◆ HOW TO COMPLETE THIS TASK ◆
Word for word, retype the lines from the one containing "الخميني الهالك يصف" to the one containing "Rev up your" below, keeping both end lines and dropping the pictures.

[PROVIDED ENTRIES Boundary: Start]

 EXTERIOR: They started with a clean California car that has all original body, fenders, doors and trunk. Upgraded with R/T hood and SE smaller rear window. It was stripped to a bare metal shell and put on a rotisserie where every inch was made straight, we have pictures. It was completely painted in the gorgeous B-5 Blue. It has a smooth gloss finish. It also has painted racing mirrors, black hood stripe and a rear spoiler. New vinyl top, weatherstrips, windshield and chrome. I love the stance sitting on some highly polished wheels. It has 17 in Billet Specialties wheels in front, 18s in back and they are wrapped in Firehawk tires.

[PROVIDED ENTRIES Boundary: End]
[PROVIDED ENTRIES Boundary: Start]

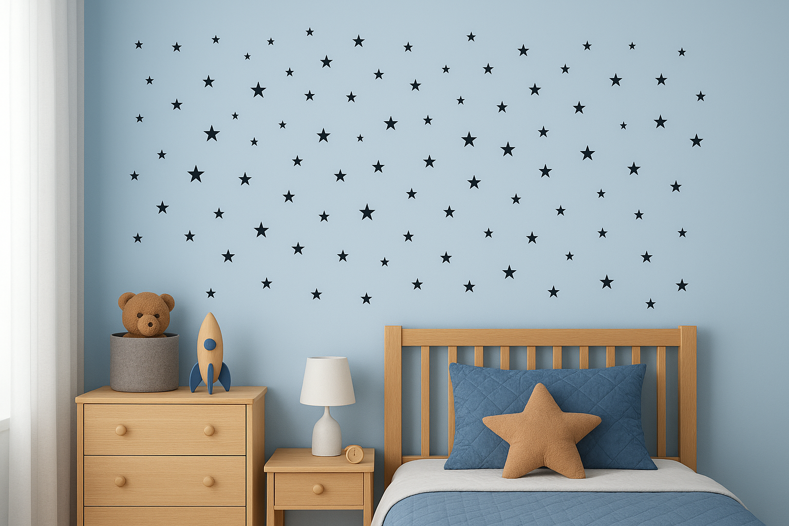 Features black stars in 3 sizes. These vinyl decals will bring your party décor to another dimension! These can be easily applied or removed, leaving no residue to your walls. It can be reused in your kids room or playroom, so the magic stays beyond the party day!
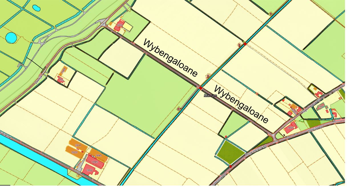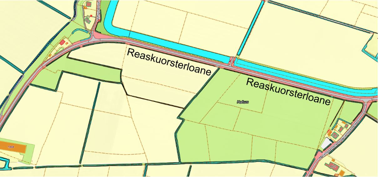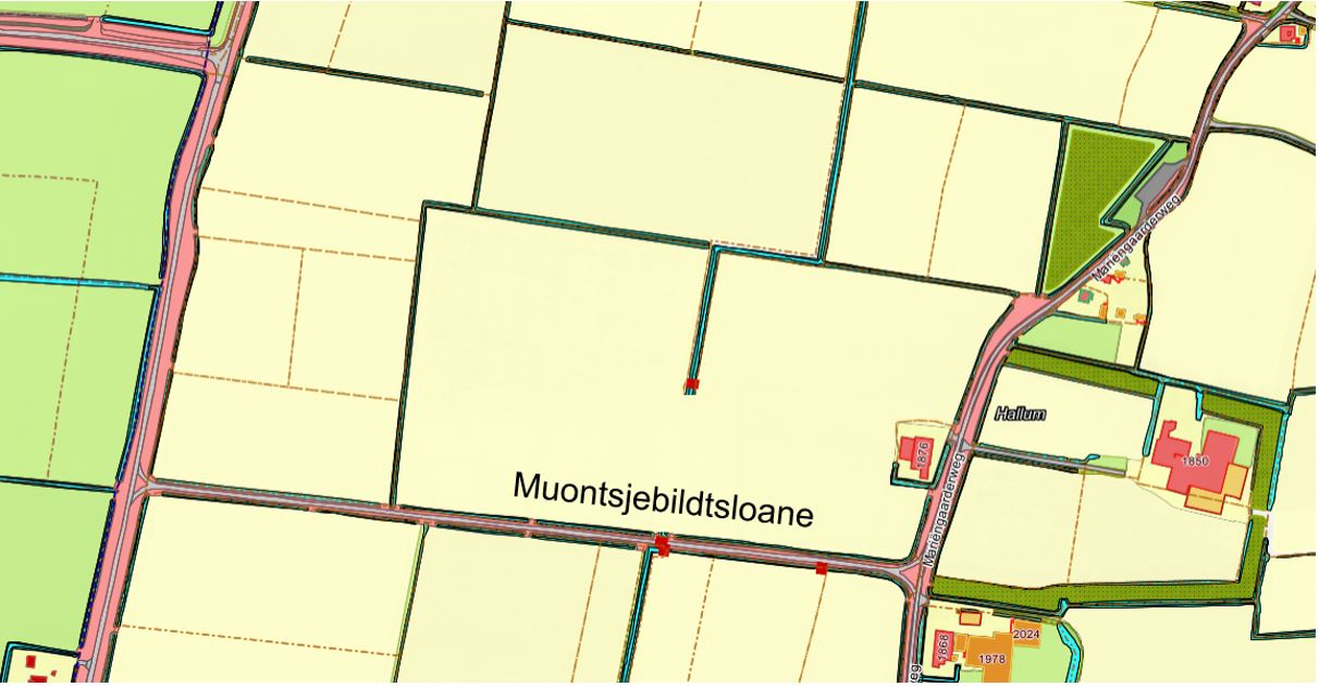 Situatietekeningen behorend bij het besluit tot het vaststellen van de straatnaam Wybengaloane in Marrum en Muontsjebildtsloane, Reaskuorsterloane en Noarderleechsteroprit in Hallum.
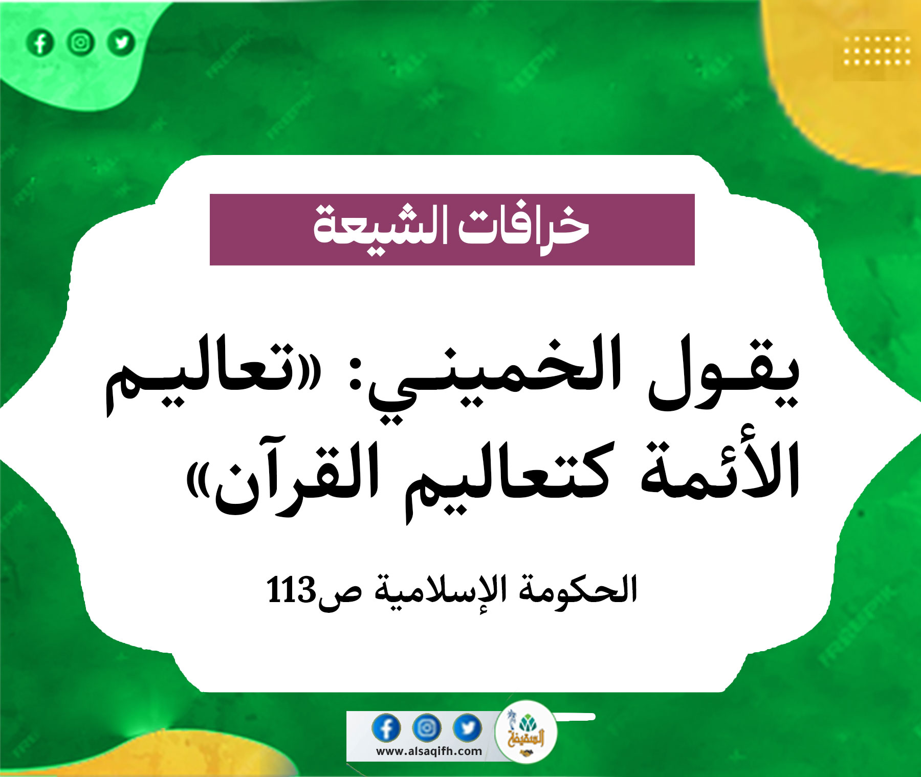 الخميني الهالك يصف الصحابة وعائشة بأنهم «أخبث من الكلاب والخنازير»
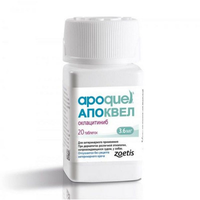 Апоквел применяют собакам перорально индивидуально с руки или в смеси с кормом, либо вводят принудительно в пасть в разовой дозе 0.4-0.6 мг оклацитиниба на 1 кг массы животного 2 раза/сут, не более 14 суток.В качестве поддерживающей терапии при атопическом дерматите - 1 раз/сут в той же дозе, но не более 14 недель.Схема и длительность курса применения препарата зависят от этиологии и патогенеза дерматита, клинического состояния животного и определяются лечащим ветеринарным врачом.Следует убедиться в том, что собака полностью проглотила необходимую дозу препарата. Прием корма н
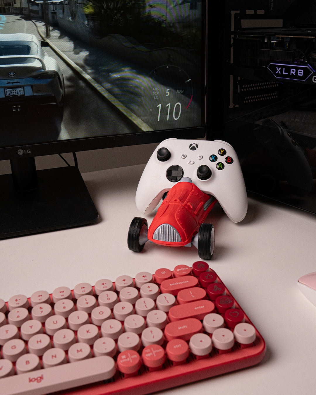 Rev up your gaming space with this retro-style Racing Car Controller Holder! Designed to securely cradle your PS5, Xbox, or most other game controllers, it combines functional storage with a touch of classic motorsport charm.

[PROVIDED ENTRIES Boundary: End]
[PROVIDED ENTRIES Boundary: Start]

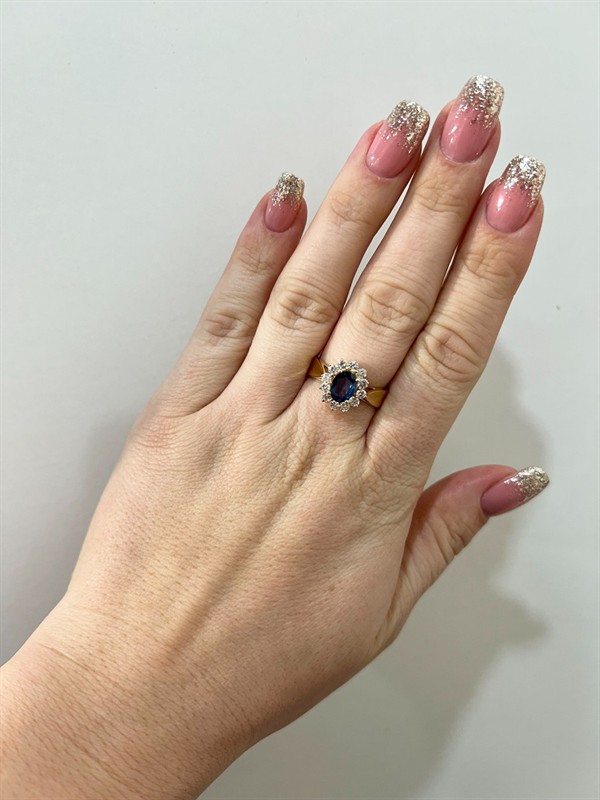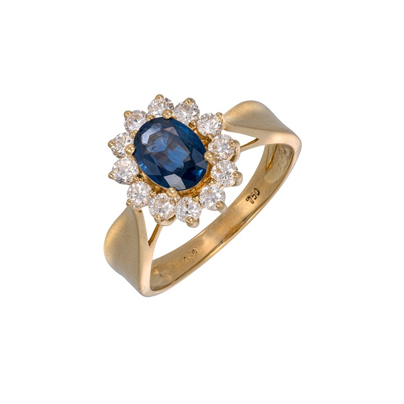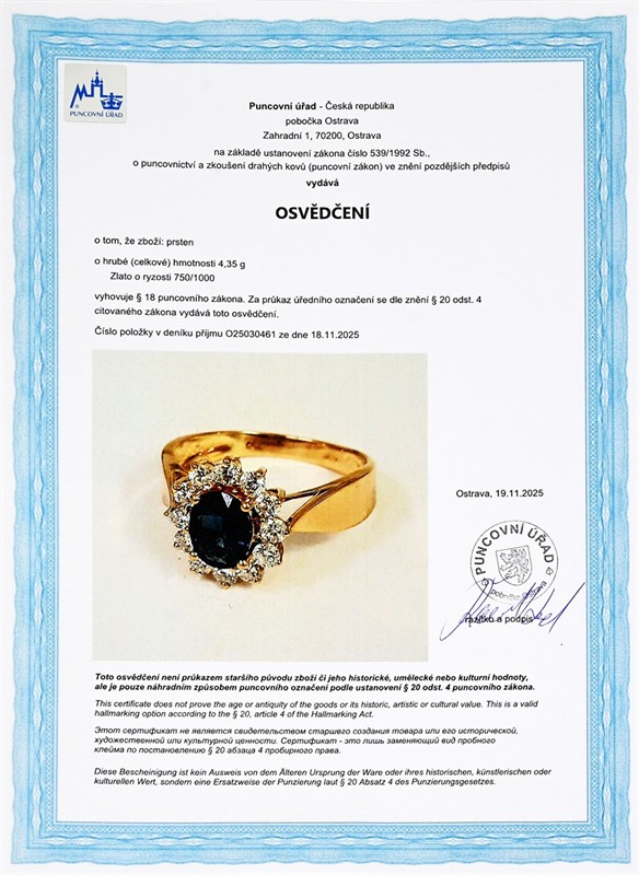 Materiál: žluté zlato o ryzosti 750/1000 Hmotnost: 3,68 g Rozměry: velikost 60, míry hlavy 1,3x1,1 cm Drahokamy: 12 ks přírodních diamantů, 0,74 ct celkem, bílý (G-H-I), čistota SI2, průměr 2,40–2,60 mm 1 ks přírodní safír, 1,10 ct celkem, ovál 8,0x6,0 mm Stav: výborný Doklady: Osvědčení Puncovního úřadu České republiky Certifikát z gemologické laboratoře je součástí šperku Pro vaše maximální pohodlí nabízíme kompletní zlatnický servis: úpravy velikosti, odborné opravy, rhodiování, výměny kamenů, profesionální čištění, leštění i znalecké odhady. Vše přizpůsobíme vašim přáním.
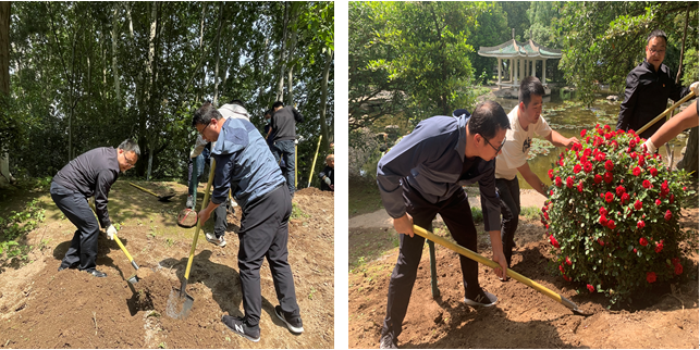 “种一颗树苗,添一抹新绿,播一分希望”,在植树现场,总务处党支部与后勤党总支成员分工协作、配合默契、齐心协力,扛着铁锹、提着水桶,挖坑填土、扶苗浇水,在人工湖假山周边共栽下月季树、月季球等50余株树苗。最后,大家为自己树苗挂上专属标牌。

[PROVIDED ENTRIES Boundary: End]

◆ THE ANSWER ◆
 الخميني الهالك يصف الصحابة وعائشة بأنهم «أخبث من الكلاب والخنازير»
 Апоквел применяют собакам перорально индивидуально с руки или в смеси с кормом, либо вводят принудительно в пасть в разовой дозе 0.4-0.6 мг оклацитиниба на 1 кг массы животного 2 раза/сут, не более 14 суток.В качестве поддерживающей терапии при атопическом дерматите - 1 раз/сут в той же дозе, но не более 14 недель.Схема и длительность курса применения препарата зависят от этиологии и патогенеза дерматита, клинического состояния животного и определяются лечащим ветеринарным врачом.Следует убедиться в том, что собака полностью проглотила необходимую дозу препарата. Прием корма н
 Rev up your gaming space with this retro-style Racing Car Controller Holder! Designed to securely cradle your PS5, Xbox, or most other game controllers, it combines functional storage with a touch of classic motorsport charm.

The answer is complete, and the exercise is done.